■ SOURCE DATA ■
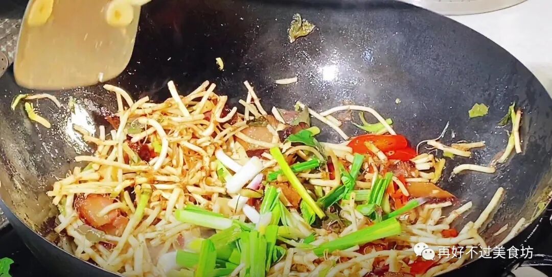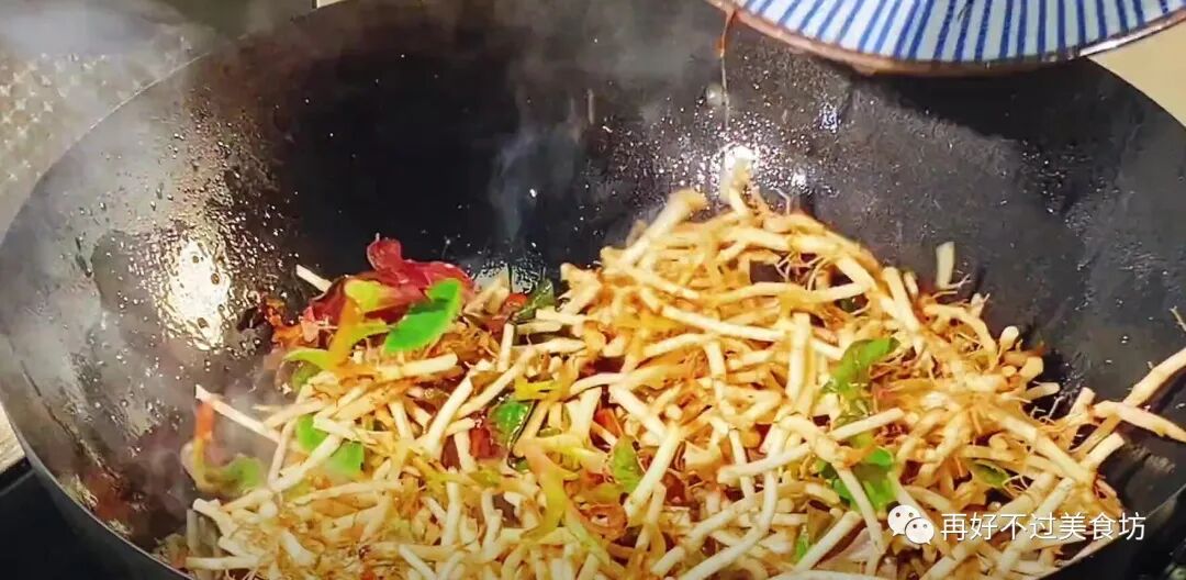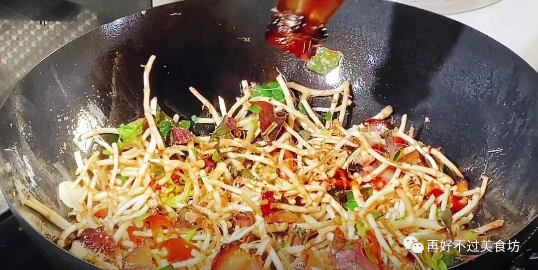 8、鱼腥草加进来以后,炒制的时间切记不能太久,加半勺食盐,少许的生抽,再来点蚝油,快速的翻动一下,把所有的食材给它炒至入味上色。
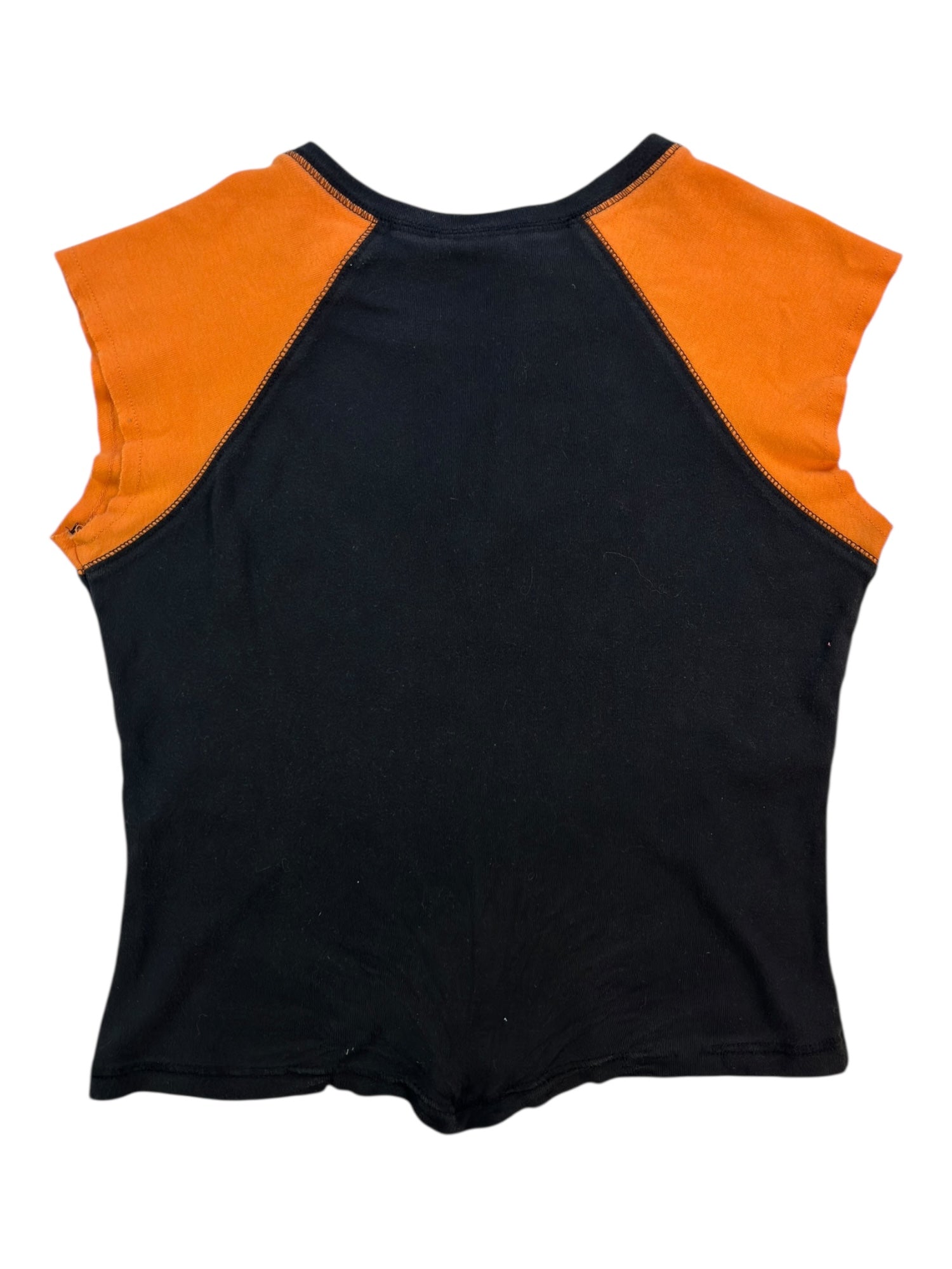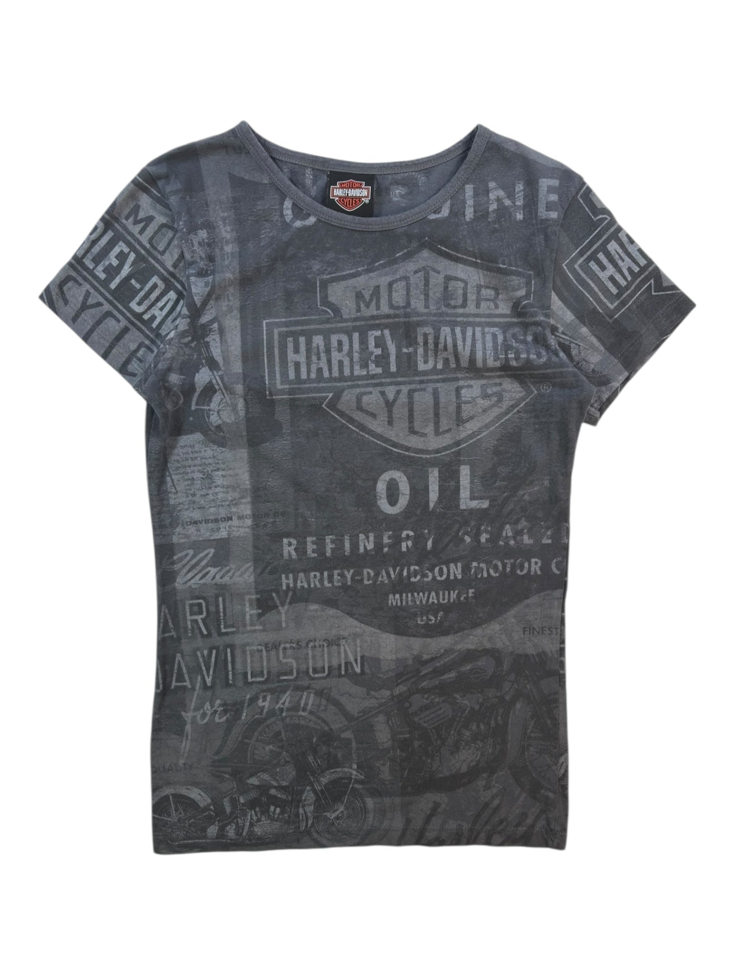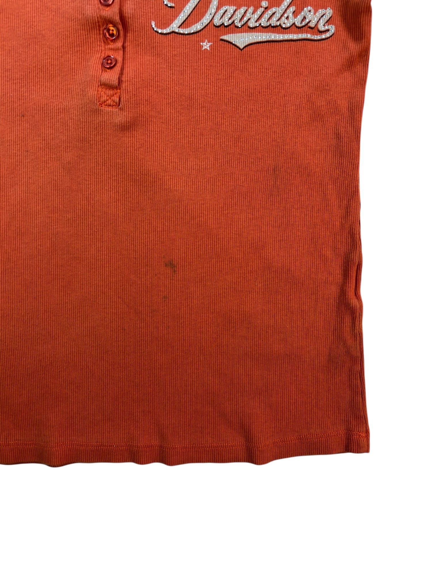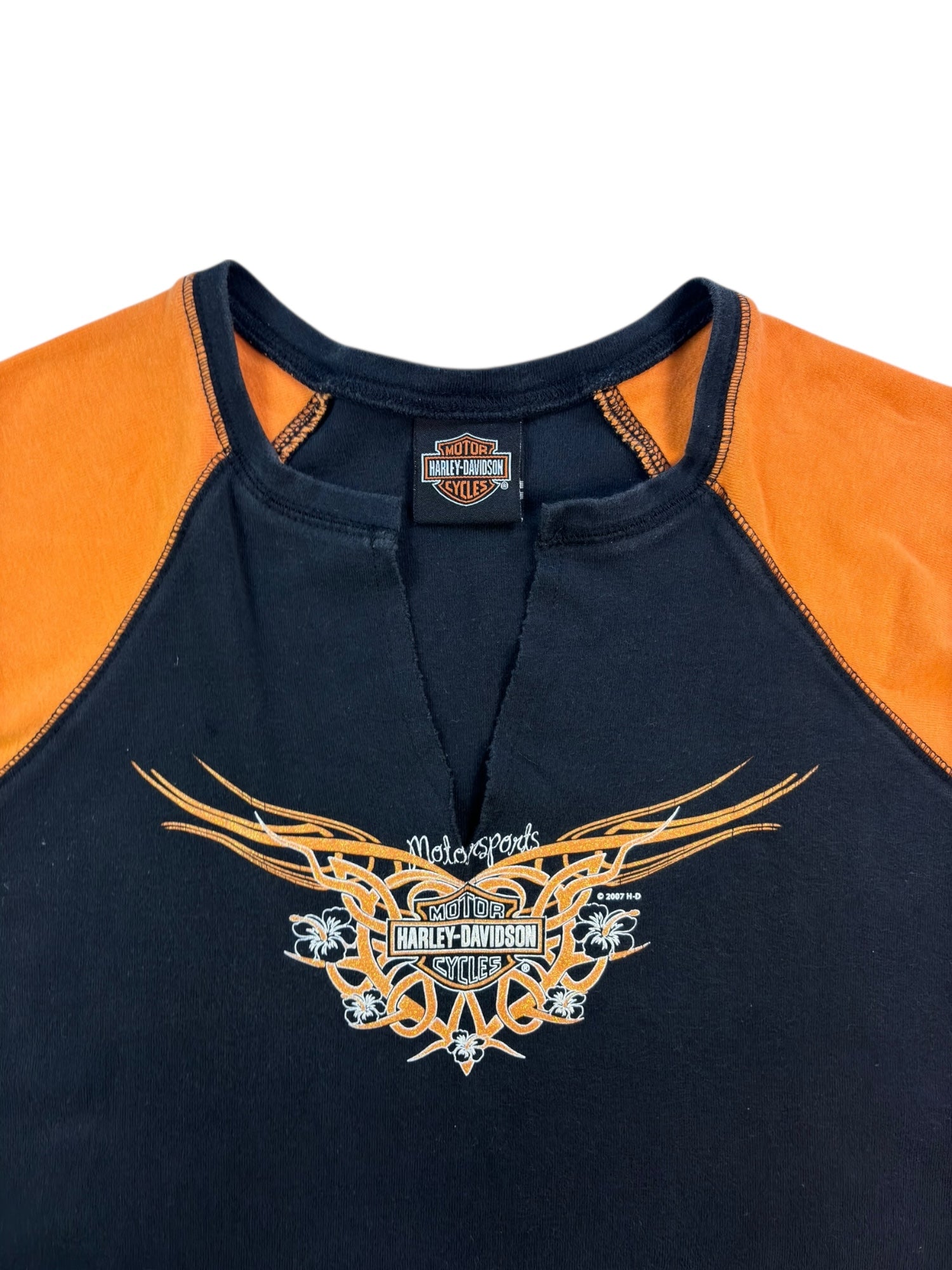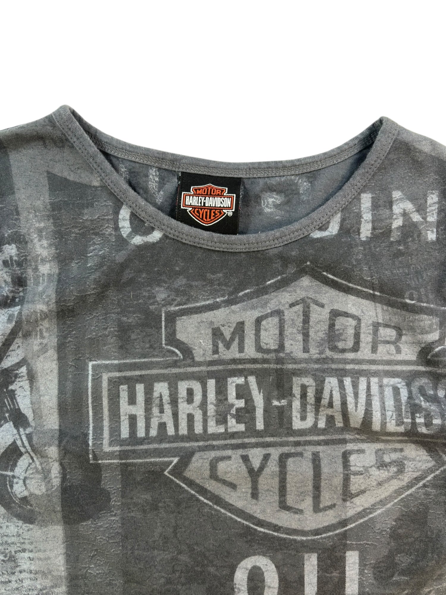 (S/M) Harley Davidson Glitter Graphic V-Neck Baby Tee
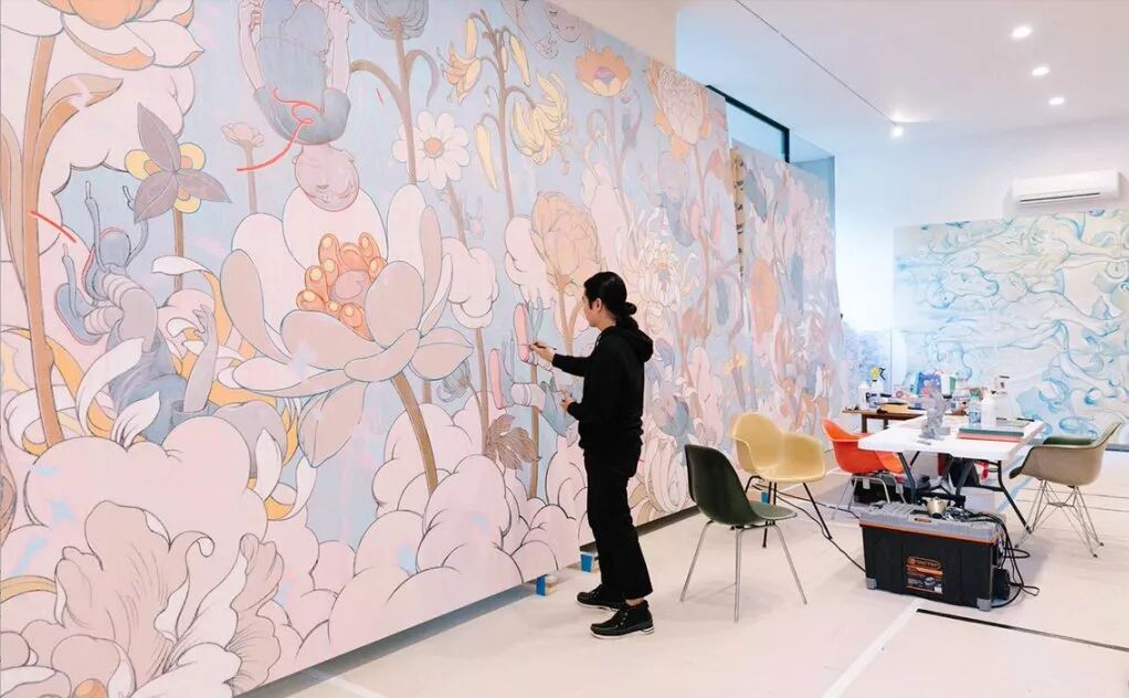 然而 James Jean 并非完全退回到传统的绘画世界,在“小大阪”区那个由 Frank Gehry 于1970年设计、Daniel Brunn 改造的现代与日式风格共存的房子里,他为了绘画而在物理上与外部世界隔绝开来,但也会通过听播客、看新闻,每天消费大量互联网上的信息。“有时甚至对新闻上瘾。”
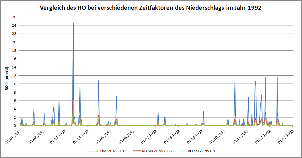 Abbildung 4‑3: Darstellung des Landoberflächenabflusses bei unterschiedlichen Zeitfaktoren für den Niederschlag

■ AIM OF THE EXERCISE ■
Once the pictures are set aside, repeat the remaining data word for word.

■ THE ANSWER ■
 8、鱼腥草加进来以后,炒制的时间切记不能太久,加半勺食盐,少许的生抽,再来点蚝油,快速的翻动一下,把所有的食材给它炒至入味上色。
 (S/M) Harley Davidson Glitter Graphic V-Neck Baby Tee
 然而 James Jean 并非完全退回到传统的绘画世界,在“小大阪”区那个由 Frank Gehry 于1970年设计、Daniel Brunn 改造的现代与日式风格共存的房子里,他为了绘画而在物理上与外部世界隔绝开来,但也会通过听播客、看新闻,每天消费大量互联网上的信息。“有时甚至对新闻上瘾。”
 Abbildung 4‑3: Darstellung des Landoberflächenabflusses bei unterschiedlichen Zeitfaktoren für den Niederschlag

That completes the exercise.